Poetry from Amit Parmessur

Lily and Reed

My mossy pad touching your mighty waist
melancholizes my petals. You play
the flute as if it were a lissom sword.
I love your Creole voice, twigs of raucous
French marinated and casseroled with
African leaves. A rich spinster reading
the soul of the perfect, poor man makes her
richer. I will give my horizontal
to your vertical. Give me not curved moons
that belongs to primitive people; give
me a rusty sickle that I may reap
you for myself. I cannot wait for you
to call yourself mine. Time, our breath, is but
a flower jealously jailed by its bud.
You are egoless; I want to live and
end on your reedbed, not in this soggy
palace. I want to call you, your voice mine.


Fatherly Forms

When I feel down, like a small bulb dying
among a crowd of condescending moons,
my guilty eyes see only one martyr.

He is a devoted, withering trunk
holding countless boughs, twigs, leaves, flowers, fruits.
Unmoved by his perpetual pain, like
greedy worms we feasted on his glory.
We picked up huge stones to stone him, sometimes.

Each dewy morning, the massive mountain
is losing his soil to the angry waves.
He walks around leaning against the walls
of the house he built but can no more own.
Like a scarecrow he kept us safe and fed

our fields, but since the avalanche of white
hair, he is toothless and frightens no birds.

And, when I spend the afternoon over
the bridge watching the fragile fish carry
their blissful bodies down the river, I
feel his youth in the rhythmic ripples and
know he would lie about his evening grief.


Self-Isolation & Shakespeare

A nameless day, I see myself leaning
on a Malboro backstage, my green tongue
in love with borrowed smoke.
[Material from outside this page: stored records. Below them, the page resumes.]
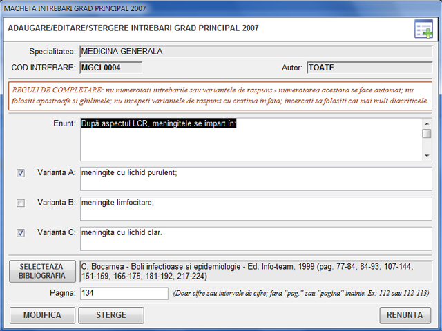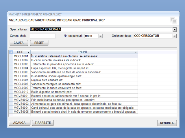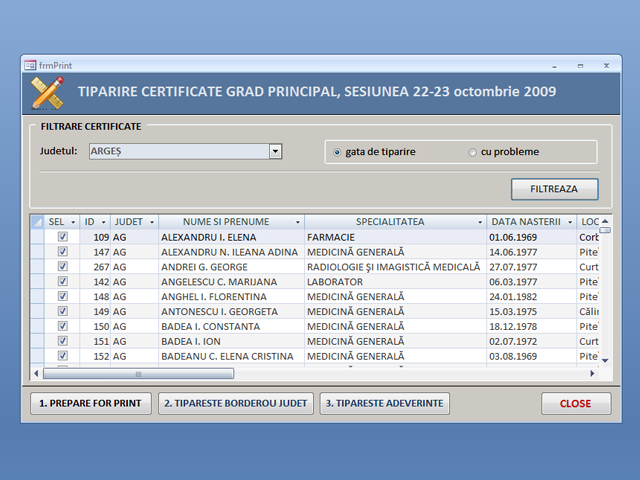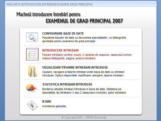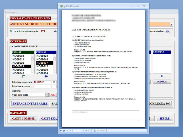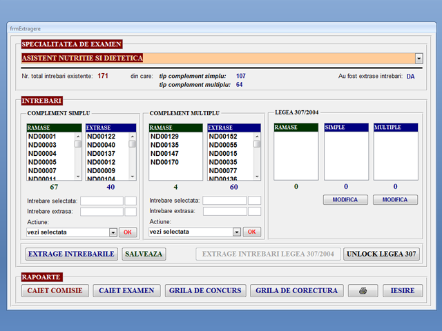 Modules: multiple choice questions database management (collect, unify and validate), questions random draw for exam module (drawing, committee notebook, exam sheet and answer sheet print), candidates database management, diplomas printing module (including duplicates printing starting with 2003).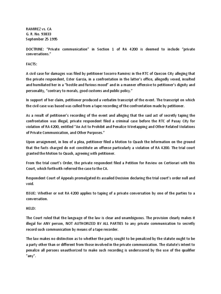 A civil case for damages was filed by petitioner Socorro Ramirez in the RTC of Quezon City alleging that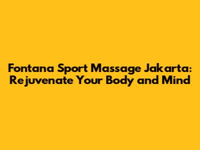 Unveiling Fontana Sport Massage Jakarta: A Haven for Wellness

I talk of
dreams; I am the musical Mercutio.
Stickmen on fire queue up for my concerts.

A blank night, I find myself in seiza
at a shrine, gargling with sweet, warm water.
An Asian Orsino, I chew music;
I am the scarecrow stuffed with red hay,
whose harmonium goes wild and mild.

A dateless noon I see myself digging
into an oyster; I am Bassanio,
the gambler. I rejoice in the absence
of the sun, trying to lure a mermaid into
the spirited marrow of my drained skeleton.

I have no regret as my beard falls on
the cracked window sill. On the old table,
fresh newspaper. Covid count. Coldest rain.
To be Romeo, or not to be Romeo?
Back to my boulder, I am the snowman
cheating invisible death, in his blindness.

Amit Parmessur, 38, a private tutor, is a two-time Pushcart Prize and two-time Best of the Web nominee. His poems have appeared in over 165 magazines, namely WINK, The Rye Whiskey Review, Night Garden Journal, Hobo Camp Review, Ann Arbor Review and Ethos Literary Journal.  He lives in Quatre-Bornes, Mauritius, where he spent his adolescence hating poetry.

4 thoughts on “Poetry from Amit Parmessur

  1. Great piece, Amit!
    Always good to read your amazing craft.
    Write on!

    Christina

  2. Amit,
    Three poems that can be read over and over. Nice work.